- _Prompt_:
What is needed is a word-for-word copy of the lines below from the one with "Perfect Fit: This" through the one with "大小の星をたくさん描きます(惜しまずたっぷり使って描くと後々剥がしやすいです)", both included, with every picture left out.

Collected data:
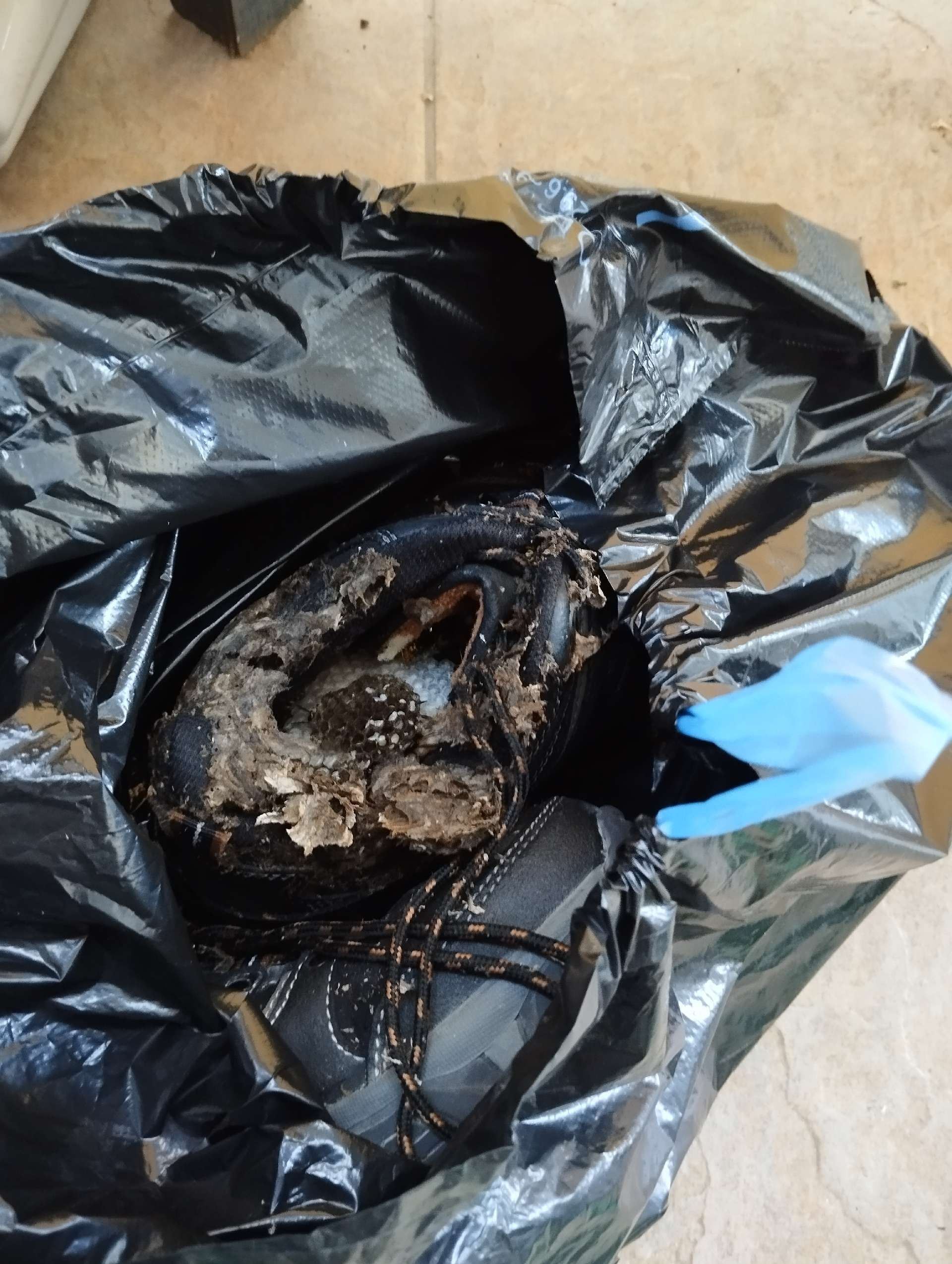 5. Nest: The Asian hornet's nest is often high in the trees, but it can also be found underground or in tall structures such as chimneys. It has an oval shape and is made of chewed wood, which gives the hornet a papery texture.
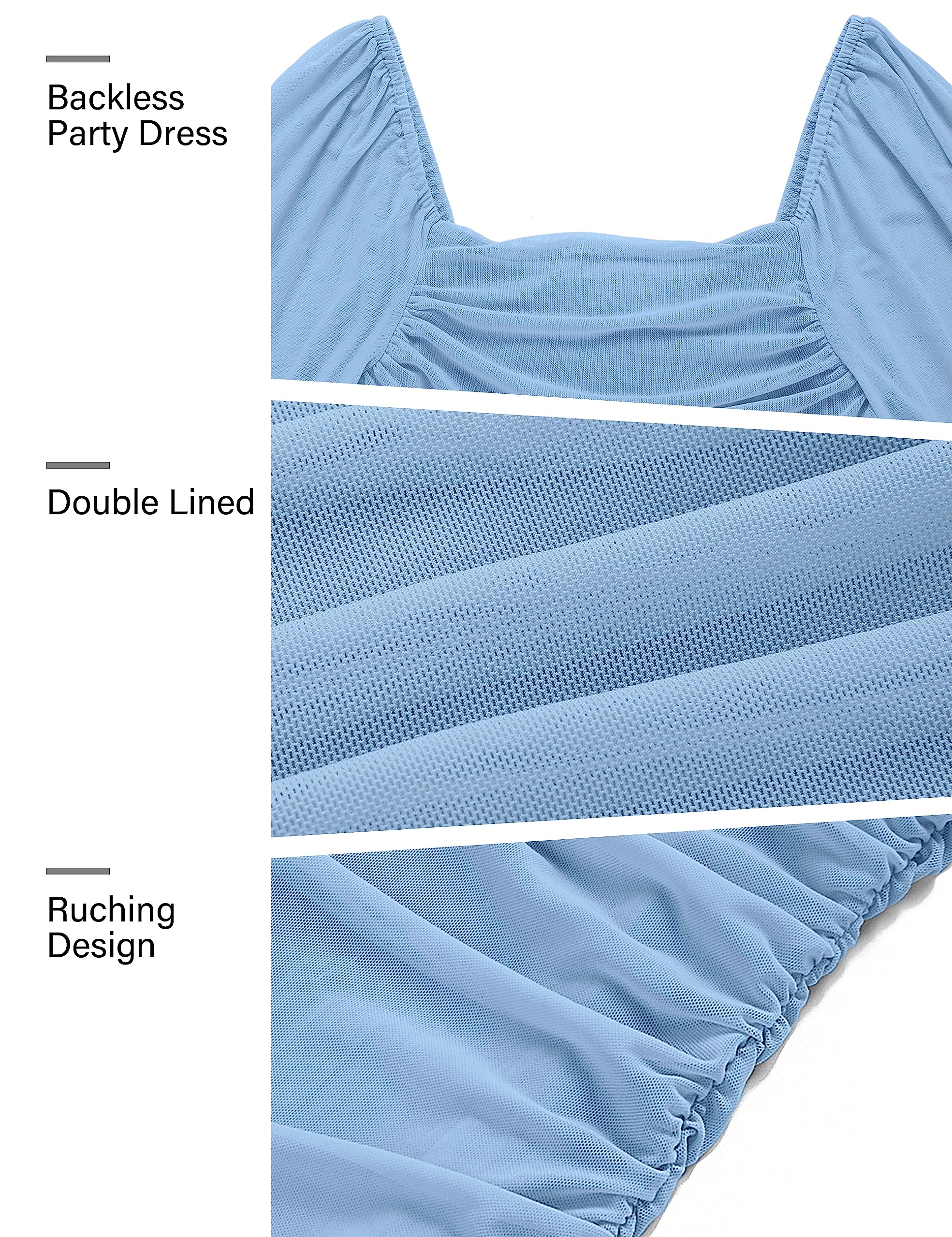 • Feature: Mesh long lantern sleeves, square neck, back hidden zipper, solid color, with elastic band on shoulder/cuffs, fashion mesh material and double lined for not see-through, stretchy, ruched design on the front and back.
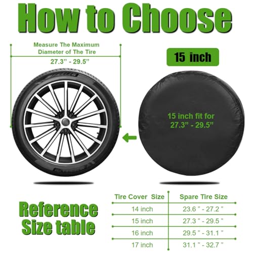 Perfect Fit: This spare tire cover is 15”, fit for diameter 27″ – 29″, please measure your tire before you purcharge. Other tire size please choose our other size spare tire cover
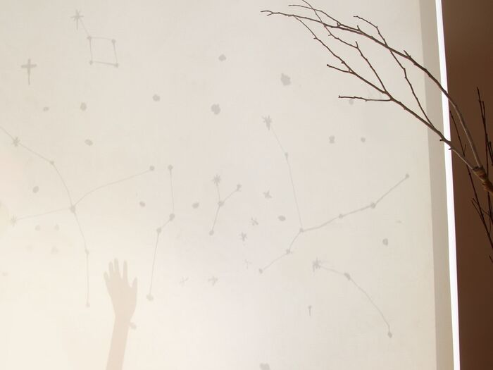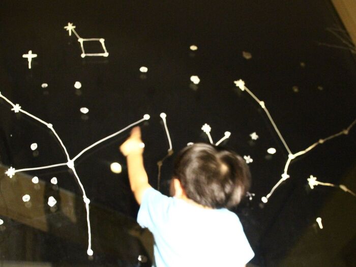 大小の星をたくさん描きます(惜しまずたっぷり使って描くと後々剥がしやすいです)
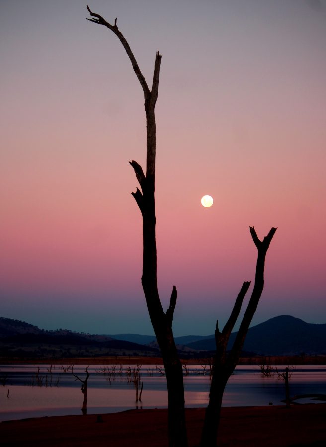 Polling day done, a few days later, I was leaving Victoria for possibly the last time (don’t ask) and heading for a lakeside camp just past Bowna Waters Reserve, about 15klm north of Albury. I stayed there overnight last year and this time, for a few days, to soak up the tranquillity and burn some wood. Lake Hume had receded alarmingly since my last visit, but still enough for the bird life and the odd fisherman to try their luck. I pulled a few rocks together for a fireplace. I fired up late the next afternoon, putting on some chillaxin’ music, and, like an ice pack on a bruise, the serenity lifted my mood.
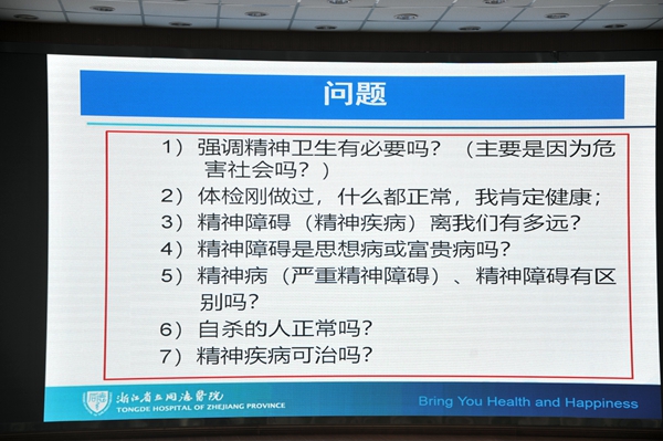 章副院长从心理健康的概念、常见精神障碍、心理压力与调适三个方面对精神卫生和精神健康作了详细的阐述和讲解。同时,运用大量研究数据和科学理论对当今社会精神健康面临的严峻形势进行了说明,指出抑郁症、精神障碍已成为严重影响人们身心健康的重要问题,疾病负担不断增大。对于社会上普遍存在的职业压力,章副院长深入分析了压力产生的原因及各种影响因素,并采用实例的形式提出缓解职业压力的应对措施。最后,他从健康的定义方面强调,精神健康是人类健康重要的组成部分,呼吁大家重视和关注精神卫生问题。

- _Completed exercise_:
 Perfect Fit: This spare tire cover is 15”, fit for diameter 27″ – 29″, please measure your tire before you purcharge. Other tire size please choose our other size spare tire cover
 大小の星をたくさん描きます(惜しまずたっぷり使って描くと後々剥がしやすいです)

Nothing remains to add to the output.